I turned this into an executable script on her OSX Desktop – learning that OSX needs a .command suffix to make such click executable.

And viola – it actually works, well – mostly. The Windows “File Open” window is rendered without text (nice) and the screen refresh in Visual Logic itself is pretty crappy when you X forward it. But it does actually run.

And here is the little beastie. Should you need to X forward any apps to OSX you may find it useful:

$cat VisualLogic.command

#!/bin/bash
export DISPLAY=:0.0
/usr/X11R6/bin/Xquartz -xinerama&
ssh -X [email protected] wine /home/paracelsus/Desktop/VisualLogic-Course-2.2.exe

In order to make wine run automatically I just appended the remote command to run onto the end of the ssh command.

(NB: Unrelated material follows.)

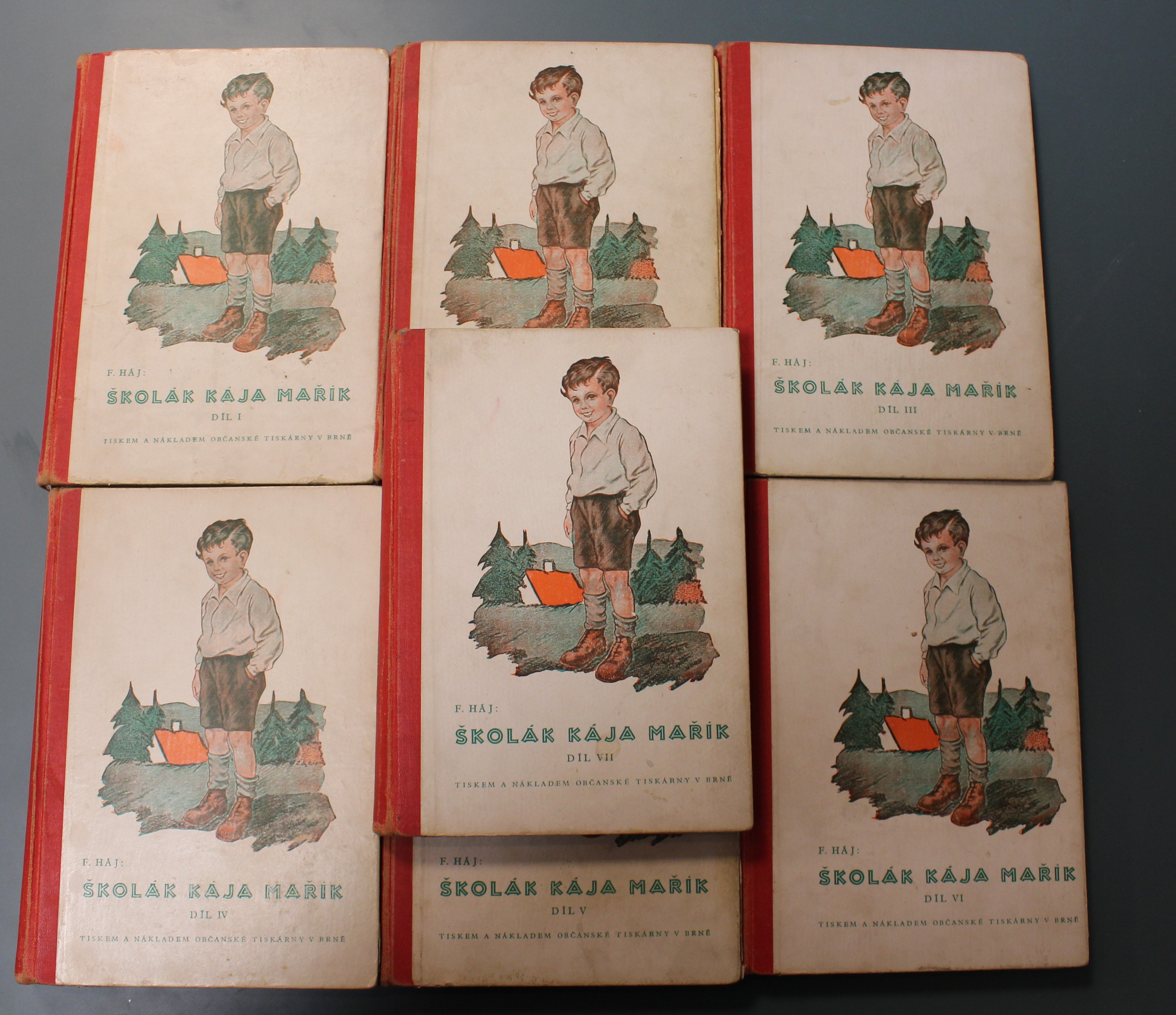 hřbet vybledlý, desky a hrany desek lehce odřené, přední deska trochu počmáraná, jinak uvnitř v dobrém stavu
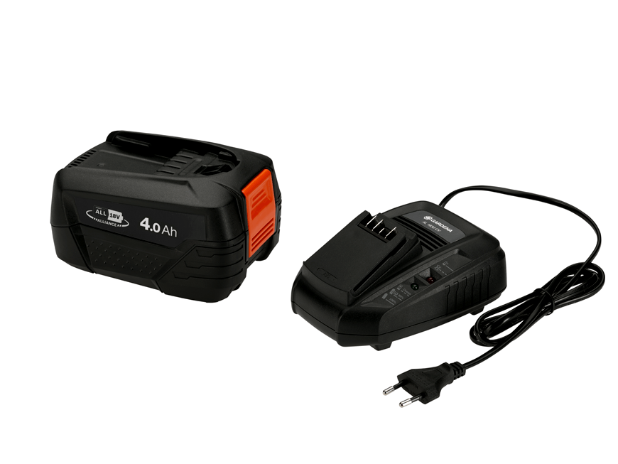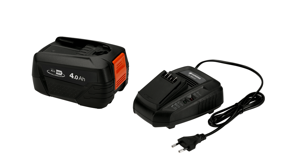 Ez az akkumulátor-készlet a GARDENA AL 1830 CV gyorstöltőjéből és egy 4,0 Ah kapacitású POWER FOR ALL akkumulátorból áll.

I found this site, which held the secret to the Xquartz server secret. Also, here is a good Apple site on X forwarding and the X11 server in OS X. You have to install Apple’s X11 server from your OS CD or download it for any of this to work – I have a bit more info on that on my OSX Darwin wiki article.

Even though it is a bit clunky, it was still fun taking a Windows app, running it under Linux and X forwarding it to OS X. Now that is just kind of fun.